Sundance 2026: Olive Nwosu’s “Lady” Weaves Dreams, Trauma, and Chaos into a Gender-Aware Debut

Lady

Lady confronts its subjects from the angle of dreams, trauma, and survival within the context of the country’s systemic dysfunction, specifically set in the commercial and cultural capital, Lagos.

By Vivian Nneka Nwajiaku

Nigeria’s return to Sundance after C.J. Obasi’s 2023 Mami Wata triumph arrives in the form of the striking, if occasionally shaky, UK-co-produced Lady, the debut feature from Lagos-born, London-based Nigerian filmmaker Olive Nwosu.
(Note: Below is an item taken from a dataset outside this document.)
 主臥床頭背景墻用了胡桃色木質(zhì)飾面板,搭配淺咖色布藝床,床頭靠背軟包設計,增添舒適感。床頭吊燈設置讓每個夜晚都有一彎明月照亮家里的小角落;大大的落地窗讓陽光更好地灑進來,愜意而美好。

As women-focused as its Sundance predecessor, and as political, Lady similarly grapples with governmental failure, colonial legacy, and the idea of revolution, though from a starkly different cinematic lens.
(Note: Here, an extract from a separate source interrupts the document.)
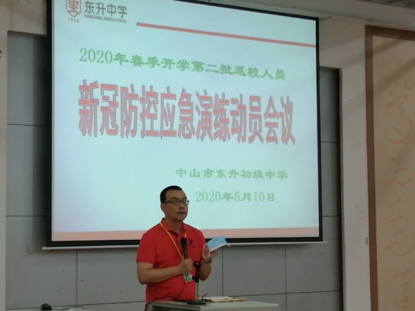5月10日下午,東升中學(xué)召開專題工作會(huì)議,會(huì)后舉行第三次新冠防控應(yīng)急演練活動(dòng)。該校全體行政人員和七八年級(jí)所有教師參加上述會(huì)議與活動(dòng)。此次專題工作會(huì)議分為兩大部分:一是七八年級(jí)的班主任會(huì)議;二是七八年級(jí)全體教師新冠防控應(yīng)急演練動(dòng)員會(huì)議。在班主任會(huì)議會(huì)上,東升中學(xué)馮釗順副校長(zhǎng)總結(jié)分析了該校第一批學(xué)生返校復(fù)學(xué)情況,及時(shí)調(diào)整工作重點(diǎn)和對(duì)策,并具體部署第二批學(xué)生返校復(fù)學(xué)準(zhǔn)備工作。在新冠防控應(yīng)急演練動(dòng)員會(huì)議上,東升中學(xué)吳耀光校長(zhǎng)強(qiáng)調(diào):一是要大力營造一個(gè)指揮順暢的返校復(fù)學(xué)工作局面,逐一排查落實(shí),查漏補(bǔ)缺,確保第二批學(xué)生返校復(fù)學(xué)工作涉及到的疫情防控、物資保障、校園安全、食品安全等工作落實(shí)到位。二是要高標(biāo)準(zhǔn)嚴(yán)要求開展 “全覆蓋、無死角”校園衛(wèi)生整治活動(dòng),合理利用各方資源,優(yōu)化調(diào)整教室、食堂、宿舍等功能場(chǎng)所,為師生提供一個(gè)清潔衛(wèi)生安全的校園環(huán)境。三是要做好家校聯(lián)系,主動(dòng)和教師溝通了解孩子在校狀態(tài)。請(qǐng)家長(zhǎng)們信任孩子,信任老師,信任學(xué)校;四是要關(guān)注重點(diǎn)群體和特殊學(xué)生,加強(qiáng)心理教育和疏導(dǎo),確保關(guān)心關(guān)懷到位,做到“一生一檔”;同時(shí),對(duì)于困難家庭學(xué)生,要給予適當(dāng)?shù)膸头?。接著,該校德育處黎國明副主任針?duì)第二批學(xué)生返校后如何有效落實(shí)疫情防控措施、如何甄別現(xiàn)階段普通傳染病防控、如何教育引導(dǎo)學(xué)生養(yǎng)成勤洗手講衛(wèi)生良好習(xí)慣等方面進(jìn)行了有益的指導(dǎo)和提出了具體的要求。

Where Mami Wata sets up a matriarchal fantasy world as an allegory through which Obasi deals with his themes, Lady confronts its subjects from the angle of dreams, trauma, and survival within the context of the country’s systemic dysfunction, specifically set in the commercial and cultural capital, Lagos.
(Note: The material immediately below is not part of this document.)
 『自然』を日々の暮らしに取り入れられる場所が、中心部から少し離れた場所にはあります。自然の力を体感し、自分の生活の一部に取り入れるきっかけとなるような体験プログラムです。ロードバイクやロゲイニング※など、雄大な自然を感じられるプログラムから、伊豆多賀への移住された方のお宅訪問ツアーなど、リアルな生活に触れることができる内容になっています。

In that sense, Lady recalls Arie and Chuko Esiri’s Eyimofe: This Is My Desire (2020), the Nigerian indie darling that introduced the Berlin International Film Festival to Nigerian cinema, at least as far as features are concerned. As such, it is not too much of a surprise, though it is impressive, that following its Sundance premiere, Lady is set to put Lagos survival back on the Berlinale screen this February.

The film follows the eponymous Lady (Jessica Gabriel’s Ujah), a ferocious, intensely independent young woman navigating the hectic but zesty metropolitan city of Lagos as a rare female taxi driver. Revolution is springing up across the country in response to fuel scarcity and the removal of fuel subsidies across the oil-rich nation. Amid this political instability, Lady’s childhood friend, Pinky (Amanda Oruh), now a sex worker, reappears with an offer: Lady can earn good money if she moonlights as a driver ferrying her and other women to their night job.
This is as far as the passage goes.